(Entries taken from a collection)
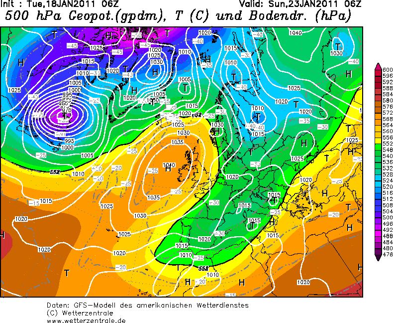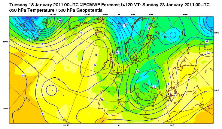 Pour dimanche prochain, les modèles GFS et ECMWF diffèrent quelque peu maintenant. GFS prévoit plutôt le maintient du courant de nord-est froid et plutôt sec, tandis qu’ECMWF prévoit un flux orienté plus au nord et davantage chargé en humidité, comme le montre l’image ci-dessous
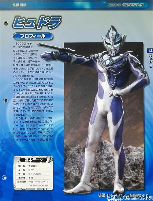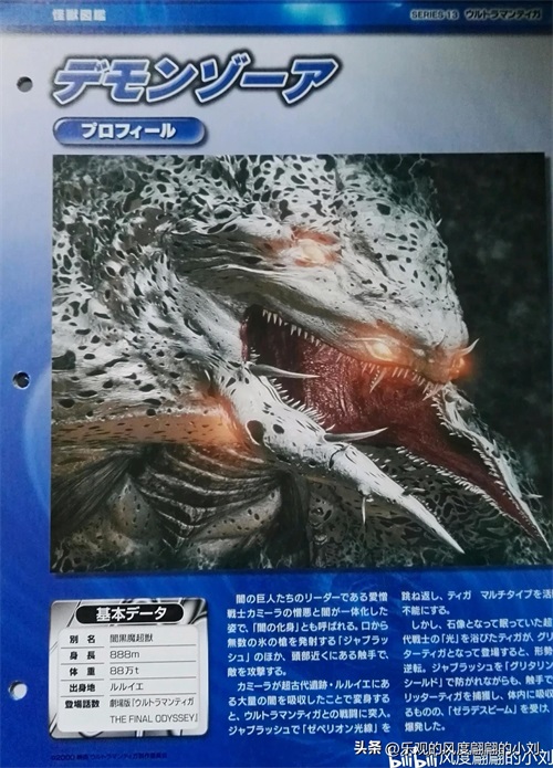 3000万年前的超古代时期和黑暗迪迦、爱憎战士卡蜜拉、俊敏战士希特拉一起毁灭了超古代文明,打倒了许多超古代战士的暗之巨人。
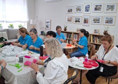 El ambiente fue cercano, dinámico y lleno de buen humor. Entre papeles, tijeras y risas, se fueron creando decenas de flores que pronto tendrían un nuevo significado en otro espacio y para otras personas.
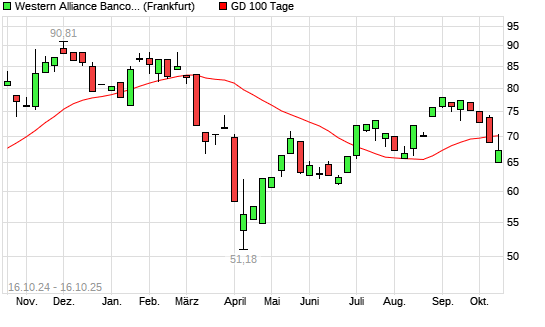 Mit dem Anstieg auf 70,40 EUR hat die Western Alliance-Aktie am 15.10.2025 die 100-Tage-Linie nach oben gekreuzt.
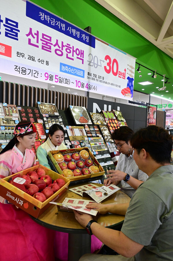 ▲ 12일 서울 서초구 하나로마트 양재점에서 고객들이 선물 세트를 상담하고 있다. |
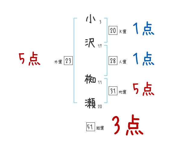 総運![]() | 小沢椥瀬さんの総運は51画の3つ星!変化が激しく、危険に注意。堅実な性格。 あなたの人生を表す1番重要な運勢です。生涯を通じて影響する総合運となり、主に50歳以降の晩年期に影響を及ぼします。 |
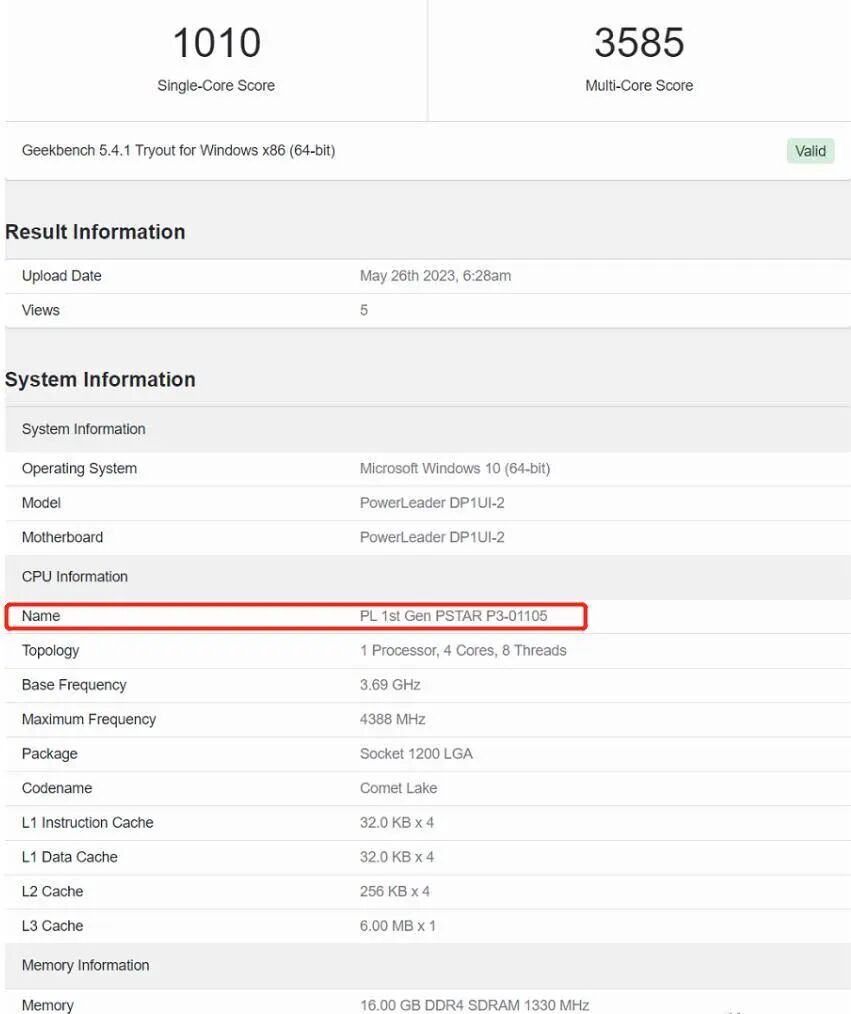 不过近日,一家外媒Wccftech“不懂事”,对宝德科技的DP1UI-2 服务器在Geekbench 5 的测试内容进行了仔细的分析后,表示,这颗暴芯(PowerStar P3-01105 处理器)其实就是英特尔i3-10105芯片的贴牌。

▶ PROMPT
The answer is the entries above, given again exactly, with no pictures among them.

▶ RESPONSE
 Pour dimanche prochain, les modèles GFS et ECMWF diffèrent quelque peu maintenant. GFS prévoit plutôt le maintient du courant de nord-est froid et plutôt sec, tandis qu’ECMWF prévoit un flux orienté plus au nord et davantage chargé en humidité, comme le montre l’image ci-dessous
 3000万年前的超古代时期和黑暗迪迦、爱憎战士卡蜜拉、俊敏战士希特拉一起毁灭了超古代文明,打倒了许多超古代战士的暗之巨人。
 El ambiente fue cercano, dinámico y lleno de buen humor. Entre papeles, tijeras y risas, se fueron creando decenas de flores que pronto tendrían un nuevo significado en otro espacio y para otras personas.
 Mit dem Anstieg auf 70,40 EUR hat die Western Alliance-Aktie am 15.10.2025 die 100-Tage-Linie nach oben gekreuzt.
 ▲ 12일 서울 서초구 하나로마트 양재점에서 고객들이 선물 세트를 상담하고 있다. |
 総運![]() | 小沢椥瀬さんの総運は51画の3つ星!変化が激しく、危険に注意。堅実な性格。 あなたの人生を表す1番重要な運勢です。生涯を通じて影響する総合運となり、主に50歳以降の晩年期に影響を及ぼします。 |
 不过近日,一家外媒Wccftech“不懂事”,对宝德科技的DP1UI-2 服务器在Geekbench 5 的测试内容进行了仔细的分析后,表示,这颗暴芯(PowerStar P3-01105 处理器)其实就是英特尔i3-10105芯片的贴牌。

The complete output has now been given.